Sur le coup, Clarice pensait avoir mal entendu mais il avait bien refusé ses ordres : ''Docteur Lecter, je crois que vous n'êtes pas en position de discuter quoi que ce soit. Ne me forcer pas à utiliser mon arme.'' Le Colt 45. était toujours pointé sur Lecter.
Il reprit : ''Il me semble agent Starling que vous m'avez mal compris. Je ne vais pas quitter ce lit et même si vous usez de votre arme, ce qui soit dit en passant me paraît peu probable, je ne bougerais pas.''
Clarice voyait bien que le docteur était sérieux. Il la rendait folle. La colère l'envahit à nouveau et la jeune femme s'emporta.
''Maintenant ça suffit. Je ne vous permets pas de contredire mes ordres ou de douter de ma capacité à tirer sur vous. Je ne le répèterais pas. Je veux vous voir debout face au mur tout de suite.'' Pour ponctuer son discours, elle abaissa le chien de son Colt.
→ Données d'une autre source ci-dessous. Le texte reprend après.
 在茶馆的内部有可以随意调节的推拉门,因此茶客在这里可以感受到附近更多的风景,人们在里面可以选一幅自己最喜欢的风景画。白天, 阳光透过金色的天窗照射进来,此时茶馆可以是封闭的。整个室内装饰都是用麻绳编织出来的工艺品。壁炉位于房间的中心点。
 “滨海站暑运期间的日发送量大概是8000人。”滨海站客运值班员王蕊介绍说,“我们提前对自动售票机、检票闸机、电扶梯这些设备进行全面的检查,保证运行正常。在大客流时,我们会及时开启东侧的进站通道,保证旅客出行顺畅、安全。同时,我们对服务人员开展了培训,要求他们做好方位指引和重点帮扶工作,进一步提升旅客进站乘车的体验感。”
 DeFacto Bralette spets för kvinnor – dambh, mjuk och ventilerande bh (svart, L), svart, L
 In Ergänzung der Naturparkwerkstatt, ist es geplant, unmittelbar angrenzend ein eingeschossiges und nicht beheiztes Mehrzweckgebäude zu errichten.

Hannibal ne croyait pas vraiment qu'elle allait tirer mais il ne voulait pas prendre de risque. Clarice était une femme imprévisible, un aspect de sa personnalité qu'il appréciait. Il leva la main en signe d'apaisement.
''Je vais faire ce que vous voulez Clarice mais j'aimerais ajouter quelque chose avant...'' Il s'éclaircit la voix et continua : ''Je voulais juste que vous me confirmiez quelques faits. C'est bien vous qui m'avez demandé de me lever, n'est-ce pas ? Et je n'ai accepté de coopérer qu'au moment où vous m'avez menacé avec votre arme ?''
La question déstabilisa la jeune femme. ''Oui c'est bien ça''.
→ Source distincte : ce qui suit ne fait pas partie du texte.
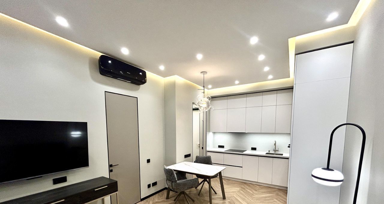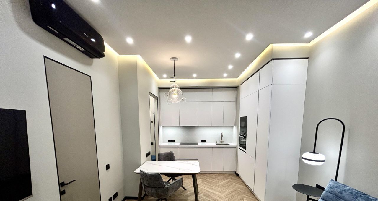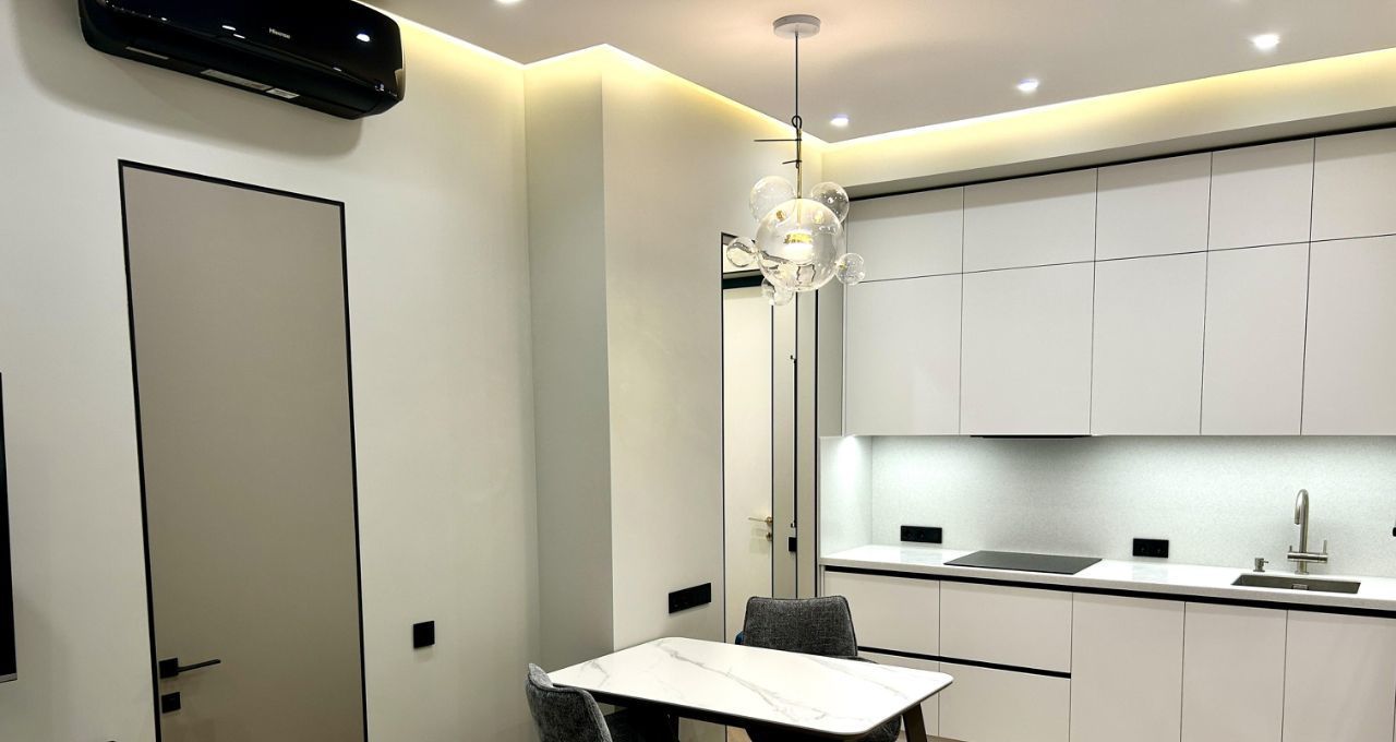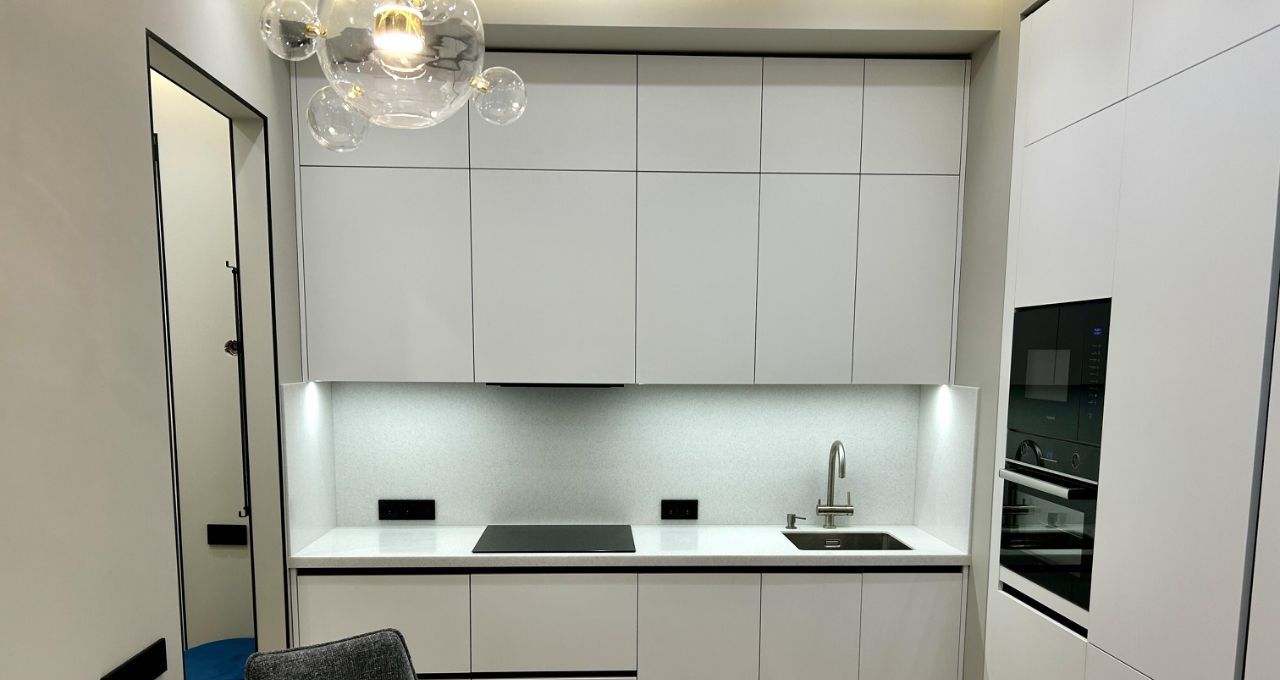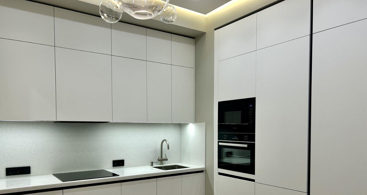 - Кухня с встроенной техникой и посудомоечной машиной.

''Bien... Vous ne niez pas non plus que j'ai d'abord refusé de me soumettre à vos ordres ?''
Clarice commençait à s'impatienter. ''Non je ne le nie pas, mais où voulez-vous en venir docteur ?''
''Si jamais il se produisait quelque chose de fâcheux, sachez que je n'ai obéi qu'aux ordres que vous m'avez donné, agent spécial Starling.''
Hannibal retira le drap qui le couvrait et se mit debout à côté du lit. Si Clarice n'avait pas compris le sens de toutes ces questions, elle le comprenait pleinement maintenant. La surprise était si grande qu'elle ne pouvait plus faire un mouvement. La main qui tenait son arme se mit à trembler puis s'abaissa lentement.
Hannibal Lecter, un des criminels les plus recherché par le FBI, se tenait debout complètement nu devant Clarice qui ne savait plus où poser son regard. Elle ne parvenait pas à expliquer sa réaction, pourquoi est-ce que cela la toucher à ce point ? Ce n'était pas la première fois qu'elle voyait un homme sans vêtement. Elle était terriblement gênée, mais ses yeux ne pouvaient pas se détacher du corps du docteur. Ses lèvres, les poils grisonnants sur sa poitrine, les muscles de ses bras, l'élégance de ses jambes et...
Pourquoi avait-elle regardé à cet endroit ? ''Parce que c'est là que toutes les femmes regardent...'' pansa-t-elle. Clarice secoua la tête. Elle ne pouvait pas rester ici, il fallait qu'elle quitte cette pièce immédiatement. Sans dire un mot, elle sortit de la chambre en direction des escaliers. Elle voulait être seule, elle voulait oublier... non, elle devait oublier ce qu'elle avait vu.